Ethereum Surges 21% Amid Trump's Tariff Pause
Ethereum has recently shown a significant rebound, rising 21% from its low of $1,380 following a week of intense selling pressure. This rally was triggered by a major geopolitical development: the announcement by US President Donald Trump of a 90-day pause on reciprocal tariffs for all countries except China, which now faces a steep 145% tariff. This news injected a wave of optimism across global markets, with Ethereum being one of the top beneficiaries.
Despite this bullish recovery, Ethereum remains below critical resistance levels, and the broader price structure continues to form a consolidation pattern. The market is now awaiting confirmation of whether this rebound will evolve into a full reversal or simply a relief rally amid continued macroeconomic uncertainty.
Crypto analyst Ali Martinez shared a technical chart highlighting that Ethereum is currently consolidating within a symmetrical triangle on the hourly chart. According to Martinez, this pattern typically signals an imminent breakout, and if Ethereum breaks upward, it could trigger a 17% move to the upside.
Ethereum is trading at a pivotal resistance level that could determine the next major move in the market. After rebounding 21% from its $1,380 low, Ethereum now sits just below key levels that, if reclaimed, could spark a broader recovery rally. Despite this strong bounce, macroeconomic tensions remain in focus, with ongoing uncertainty around US tariffs and foreign policy—especially the 145% tariff on China—keeping investors cautious.

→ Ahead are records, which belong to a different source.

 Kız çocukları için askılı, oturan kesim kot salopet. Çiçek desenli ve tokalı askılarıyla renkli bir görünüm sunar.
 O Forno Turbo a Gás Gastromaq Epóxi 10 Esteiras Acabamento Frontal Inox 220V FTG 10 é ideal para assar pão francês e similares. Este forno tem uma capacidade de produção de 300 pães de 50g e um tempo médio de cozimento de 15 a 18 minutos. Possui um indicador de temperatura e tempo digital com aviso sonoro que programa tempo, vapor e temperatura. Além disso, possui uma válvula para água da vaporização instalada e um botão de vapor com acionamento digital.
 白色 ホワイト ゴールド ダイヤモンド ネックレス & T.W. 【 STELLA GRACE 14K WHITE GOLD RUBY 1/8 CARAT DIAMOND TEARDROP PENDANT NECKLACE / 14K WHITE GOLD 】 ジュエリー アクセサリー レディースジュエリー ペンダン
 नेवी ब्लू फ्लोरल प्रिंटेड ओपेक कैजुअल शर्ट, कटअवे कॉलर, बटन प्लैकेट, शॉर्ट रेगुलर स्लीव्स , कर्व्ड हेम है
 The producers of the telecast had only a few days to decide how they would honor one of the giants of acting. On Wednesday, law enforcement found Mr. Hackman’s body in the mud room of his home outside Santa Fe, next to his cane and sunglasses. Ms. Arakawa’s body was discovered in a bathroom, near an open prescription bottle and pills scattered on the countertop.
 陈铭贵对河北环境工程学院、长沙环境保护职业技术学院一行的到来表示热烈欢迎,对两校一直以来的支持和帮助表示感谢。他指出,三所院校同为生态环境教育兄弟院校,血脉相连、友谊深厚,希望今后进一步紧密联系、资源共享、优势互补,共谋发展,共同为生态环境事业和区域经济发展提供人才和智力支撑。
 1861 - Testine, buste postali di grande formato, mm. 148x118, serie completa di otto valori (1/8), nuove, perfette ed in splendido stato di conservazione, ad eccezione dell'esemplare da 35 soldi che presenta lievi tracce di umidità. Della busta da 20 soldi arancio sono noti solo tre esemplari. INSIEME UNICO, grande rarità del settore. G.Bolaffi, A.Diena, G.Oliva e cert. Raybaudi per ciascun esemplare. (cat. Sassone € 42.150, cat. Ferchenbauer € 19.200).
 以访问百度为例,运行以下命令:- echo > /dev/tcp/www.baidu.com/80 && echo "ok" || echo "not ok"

The crypto market, like equities, continues to be shaped by global developments. While some analysts believe Ethereum has already priced in the worst of the downturn, others argue that the recent rally is only a temporary relief within the early stages of a broader bear market. The debate reflects the current state of sentiment: mixed and driven more by short-term reactions than long-term conviction.

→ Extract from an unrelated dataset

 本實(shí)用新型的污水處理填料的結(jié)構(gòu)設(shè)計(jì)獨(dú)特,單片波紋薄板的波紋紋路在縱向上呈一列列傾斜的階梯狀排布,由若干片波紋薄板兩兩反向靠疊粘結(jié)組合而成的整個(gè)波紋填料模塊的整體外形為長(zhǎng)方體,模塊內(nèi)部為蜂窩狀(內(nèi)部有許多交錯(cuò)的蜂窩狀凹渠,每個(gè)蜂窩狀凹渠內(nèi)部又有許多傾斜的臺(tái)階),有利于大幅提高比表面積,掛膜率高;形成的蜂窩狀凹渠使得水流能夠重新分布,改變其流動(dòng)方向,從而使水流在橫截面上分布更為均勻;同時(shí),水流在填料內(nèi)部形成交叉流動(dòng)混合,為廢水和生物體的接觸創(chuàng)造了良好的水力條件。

From a technical standpoint, Ethereum may be setting up for a decisive move. According to Martinez, Ethereum is currently consolidating within a symmetrical triangle on the hourly chart. This pattern often precedes a breakout, and Martinez suggests that a 17% move could follow. If Ethereum breaks to the upside, it could push the price back toward the $2,000 level—a psychological and technical milestone for the asset.
For now, all eyes are on whether bulls can maintain momentum and breach the upper trendline of the triangle. A strong breakout could signal a shift in the broader market narrative, transforming current consolidation into the foundation for a sustained rally. Still, given the unstable macro environment, traders remain cautious, watching for confirmation before fully committing to a bullish thesis.
Ethereum is trading at $1,670 after briefly setting a fresh 4-hour high around $1,691—slightly above the previous peak. This minor breakout signals that bullish momentum is building, but it remains fragile. To confirm a full reversal and begin a true recovery rally, Ethereum must reclaim the $1,875 level, which aligns with both the 4-hour 200-day moving average (MA) and the exponential moving average (EMA).
These indicators have acted as strong dynamic resistance throughout Ethereum’s recent downtrend, and only a decisive break above them would validate bullish control and potentially trigger a surge back toward the $2,000 level. A move past $1,875 would also indicate a shift in short-term market structure, giving bulls the confidence needed to drive higher highs.
However, if Ethereum fails to push through this critical resistance zone, the asset risks returning to lower demand levels. A rejection at these moving averages could send Ethereum back to $1,500 or even lower, especially if broader market sentiment deteriorates. With macroeconomic uncertainty and tariff-related volatility still looming, bulls need to act fast—or risk losing the progress made during this recovery attempt. For now, all eyes are on the $1,875 threshold.